Lod. Troth, shall I tell you, and aloud I’ll tell it;
We laugh to see, yet laugh we not in scorn,
Amongst so many caps that long hat worn.

1st Guest. Mine is as tall a felt as any is this day in Milan, and therefore I love it, for the block[243] was cleft out for my head, and fits me to a hair.

Cand. Indeed you’re good observers; it shows strange:
But gentlemen, I pray neither contemn,
Nor yet deride a civil ornament;
I could build so much in the round cap’s praise,
That ’bove this high roof, I this flat would raise.

Lod. Prithee, sweet bridegroom, do’t.

Cand. So all these guests will pardon me, I’ll do’t.

Guests. With all our hearts.

Cand. Thus, then, in the cap’s honour.
To every sex, and state, both nature, time,
The country’s laws, yea, and the very clime
Do allot distinct habits; the spruce courtier
Jets[244] up and down in silk: the warrior
Marches in buff, the clown plods on in gray:
But for these upper garments thus I say,
The seaman has his cap, pared without brim;
The gallant’s head is feathered, that fits him;
The soldier has his morion, women ha’ tires;
Beasts have their head-pieces, and men ha’ theirs.

Lod.

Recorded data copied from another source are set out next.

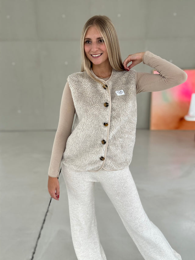 Teddyweste STRIPES Buttermilk Lemon rosa
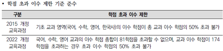 <표3> 학점 초과 이수 제한 기준 : 2015 개정 교육과정과 2022 개정 교육과정은 학점 초과 이수 제한 기준이 약간 다르다.
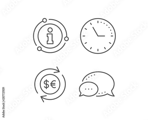 Money exchange line icon. Chat bubble, info sign elements. Banking currency sign. Euro and Dollar Cash transfer symbol. Linear money currency outline icon. Information bubble. Vector
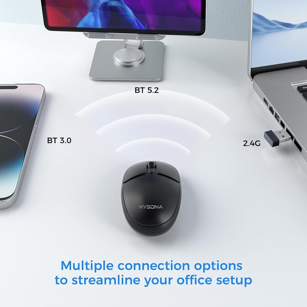 [Dual-mode Connectivity]Offering dual-mode connectivity options, supporting Bluetooth dual-channel (BT3.0, BT5.2) and 2.4G connection. Whether connecting to your computer, tablet, or other devices, it seamlessly switches, ensuring a smooth and uninterrupted connection experience.
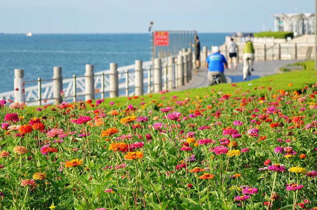 In Qingdao’s Tangdao Bay, vibrant summer flowers bloom, creating breathtaking scenery against the backdrop of the sparkling sea.
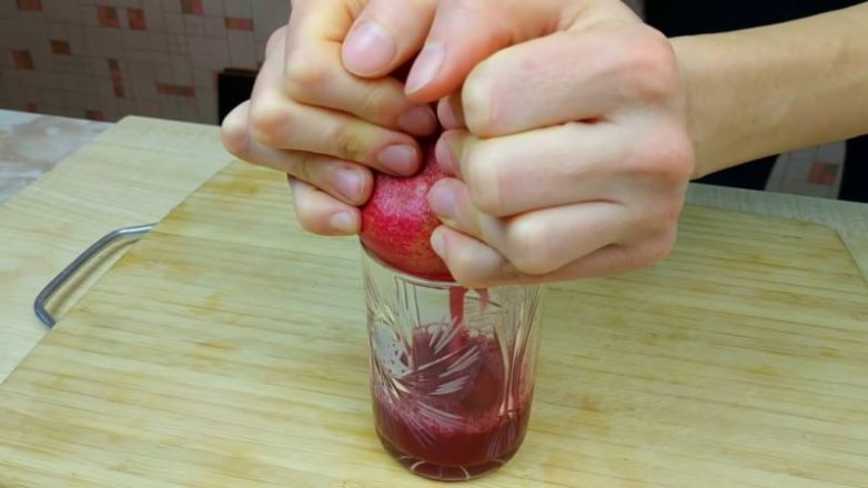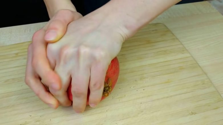 Прежде всего, нужно выбрать спелый гранат. Положить его ребром на ровную поверхность и, надавливая ладошкой сверху, катать в разные стороны. Будет слышен характерный хруст — продолжаем катать со всех сторон до тех пор, пока хруст не исчезнет.
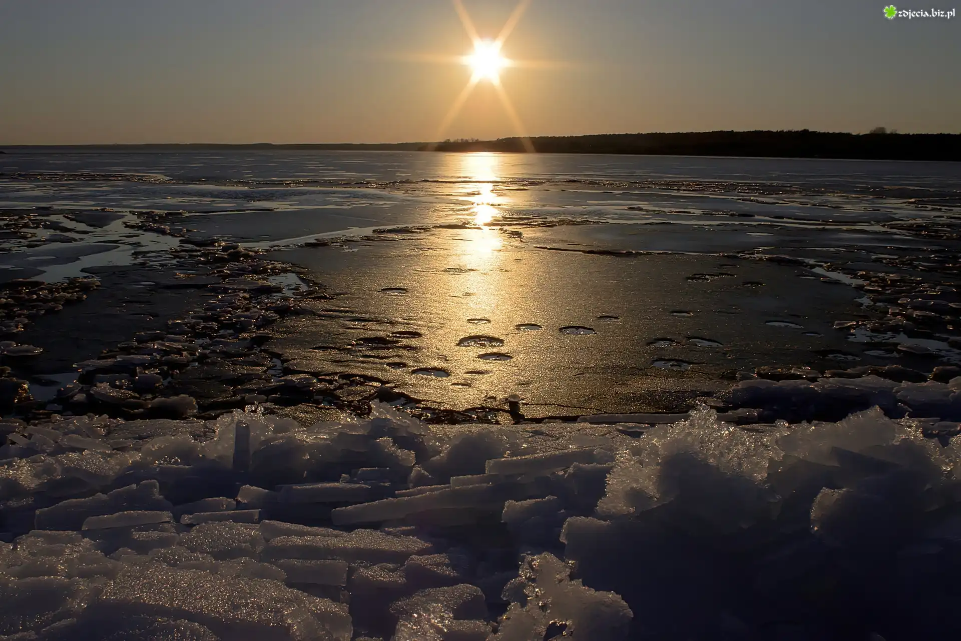 Zdjęcie Zima, Zachód, Słońca, Jezioro
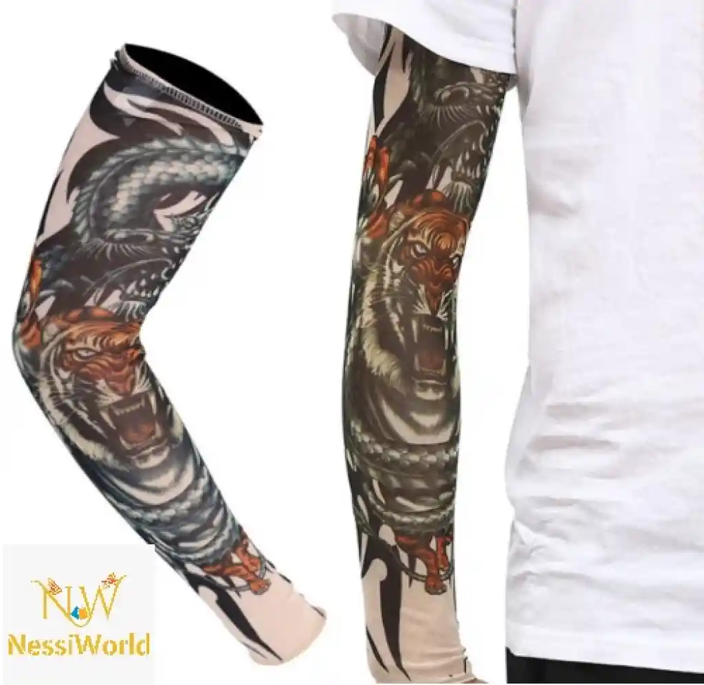 Giyilebilir Kol Dövmesi Çorap Dövme 3D Baskılı Kol Bacak Dövme 2 Adet Model 3

Proceed.

Cand. Each degree has his fashion, it’s fit then,
One should be laid by for the citizen,
And that’s the cap which you see swells not high,
For caps are emblems of humility.
It is a citizen’s badge, and first was worn
By th’ Romans; for when any bondman’s turn
Came to be made a freeman, thus ’twas said,
He to the cap was called, that is, was made
Of Rome a freeman; but was first close shorn:
And so a citizen’s hair is still short worn.